Joanna had spotted some land houses along the map, a fair distance to the east. These are the old plantation houses from the colonial days. When we tried to reach them, we ended up on a private road and had to turn around. She then spotted some land houses past the airport, and so we decided to check them out instead. We stopped for lunch at a Subway, and brought the sandwiches with us to eat later. The land house we found was called Papaya Land house. Apparently hundreds of years ago, this used to be a papaya plantation. The building was a magnificent 150-year old stone structure that was now used by evangelical Christians as a drug rehabilitation centre. The manager was a very enthusiastic older man who was eager to show us around the facility.
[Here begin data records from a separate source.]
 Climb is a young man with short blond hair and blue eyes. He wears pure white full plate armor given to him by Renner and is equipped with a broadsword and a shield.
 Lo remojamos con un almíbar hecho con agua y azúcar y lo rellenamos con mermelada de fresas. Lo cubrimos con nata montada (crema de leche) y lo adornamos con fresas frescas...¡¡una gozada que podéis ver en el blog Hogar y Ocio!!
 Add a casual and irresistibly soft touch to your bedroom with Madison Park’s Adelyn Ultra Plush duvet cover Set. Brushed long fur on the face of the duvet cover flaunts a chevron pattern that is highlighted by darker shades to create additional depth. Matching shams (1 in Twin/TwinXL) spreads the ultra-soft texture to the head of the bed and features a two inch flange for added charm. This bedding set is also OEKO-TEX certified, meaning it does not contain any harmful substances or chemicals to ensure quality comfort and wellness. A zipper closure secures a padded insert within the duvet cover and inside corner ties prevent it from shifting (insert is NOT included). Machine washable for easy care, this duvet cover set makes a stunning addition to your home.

They can house forty men here who are recovering drug addicts. They have various chores around the property, with about a quarter of them working in the community. There were chickens running throughout. In addition to the old servant quarters, they had built two more bunk houses at the rear of the property. They also had an old cistern which was unused. This is another paradox of these islands in that cisterns are outlawed. Apparently the excuse was that mosquitoes would breed in them. My sister, who owns a farm, found it incredible that they could not use rain water for irrigation.
The manager explained that they had a 70% success rate with the residents who stayed from between nine to eleven months. Of the thirty per cent, some would have to return up to five different times before they could kick their drug habits. Joanna wasn’t entirely convinced that the statistics were accurate.
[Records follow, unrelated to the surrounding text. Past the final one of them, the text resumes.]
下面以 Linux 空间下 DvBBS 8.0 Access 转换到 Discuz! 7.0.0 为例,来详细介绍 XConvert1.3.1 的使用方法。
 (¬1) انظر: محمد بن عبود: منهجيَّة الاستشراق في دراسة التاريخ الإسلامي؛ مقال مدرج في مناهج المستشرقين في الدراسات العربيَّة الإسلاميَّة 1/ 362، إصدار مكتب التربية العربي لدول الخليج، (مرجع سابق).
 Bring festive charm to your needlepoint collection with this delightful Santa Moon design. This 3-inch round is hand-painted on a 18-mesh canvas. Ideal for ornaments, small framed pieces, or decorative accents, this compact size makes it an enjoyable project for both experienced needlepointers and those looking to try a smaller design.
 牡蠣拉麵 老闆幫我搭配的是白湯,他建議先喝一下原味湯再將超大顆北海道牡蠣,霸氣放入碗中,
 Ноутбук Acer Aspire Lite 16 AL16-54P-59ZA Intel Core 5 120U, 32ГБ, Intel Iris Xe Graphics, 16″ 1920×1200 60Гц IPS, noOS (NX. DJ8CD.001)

We then headed up the road, and came across what we thought was a resort. It had a very large Las Vegas-style sign at the front bearing the words Campo Allegra. As we drove closer to it, we noticed that it was completely surrounded by a cement wall. It was then that we realized that the sign was a fig leaf, and this was a nudist colony. We headed back down the highway.
It was time to return to the airport, and wait to meet the owner of the vehicle. As we were a bit early, we decided to get our bags checked in, and then sat down in a restaurant to wait. I took the opportunity to dictate my blog from the previous day.
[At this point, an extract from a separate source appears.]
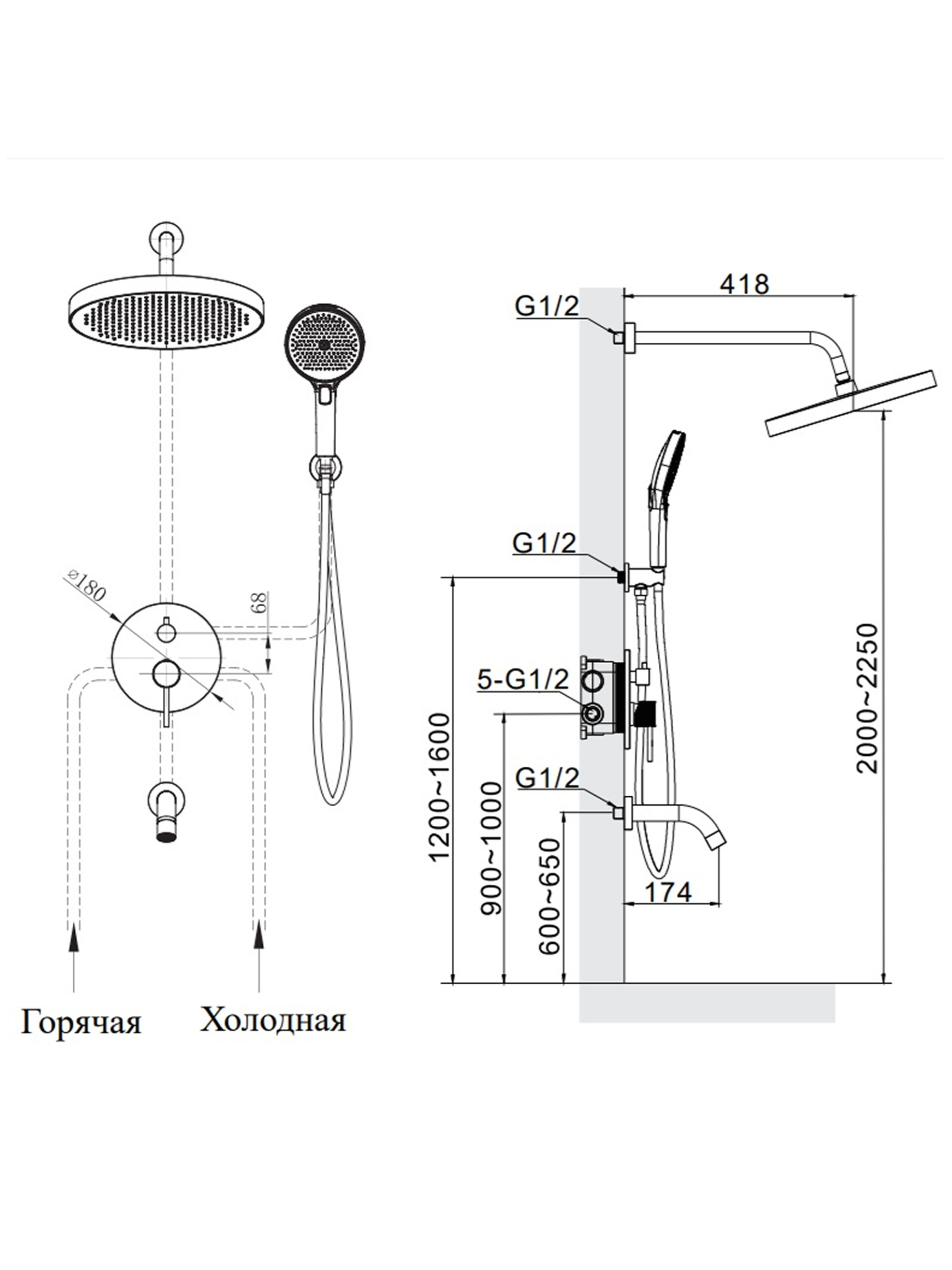 Размер верхнего душа

It took us half an hour to finally locate the owner, but it all turned out well in the end. Joanna commented later that some people wouldn’t have been willing to take this kind of risk in order to explore the island. The rental man was probably just an ambitious businessman who will likely do well in the future.
We went through security, and discovered that we were not allowed to take any liquids with us into the airport. This was a new rule from the previous year, and so we ended up a little thirsty throughout the rest of the day. They even refused water purchased in the airport lounge.
The flight left on schedule at 3:40, bound for Miami. We were able to get aisle seats beside each other, and spent most of the time reading our e-books.
When we arrived in Miami, they required us to pick up our baggage and go through security, and then take it to another baggage counter to put it on the next plane. Even with the extra security precautions, we still made our flight on time.
The flight from Miami to Toronto was uneventful, but a bit tiring. Joanna and I took turns playing Angry Birds on my iPad. Like myself, Joanna never has time for video games, and so rather enjoyed this distraction.
By the time we were off the plane in Toronto, it was ten minutes after midnight.
Joanna’s partner was there on schedule to meet her, and we exchanged hugs all the way around. I told Joanna that this had been one of the best birthdays I had ever had. In fact, I felt pretty good for being a half century old!
Soon I was aboard an Airways Transit van, heading back to Kitchener. When I entered my condo, my cat was there to greet me, which was wonderful. By the time I finally got to sleep, it was almost 2:30 on Sunday morning. I must admit, it sure feels good to be home!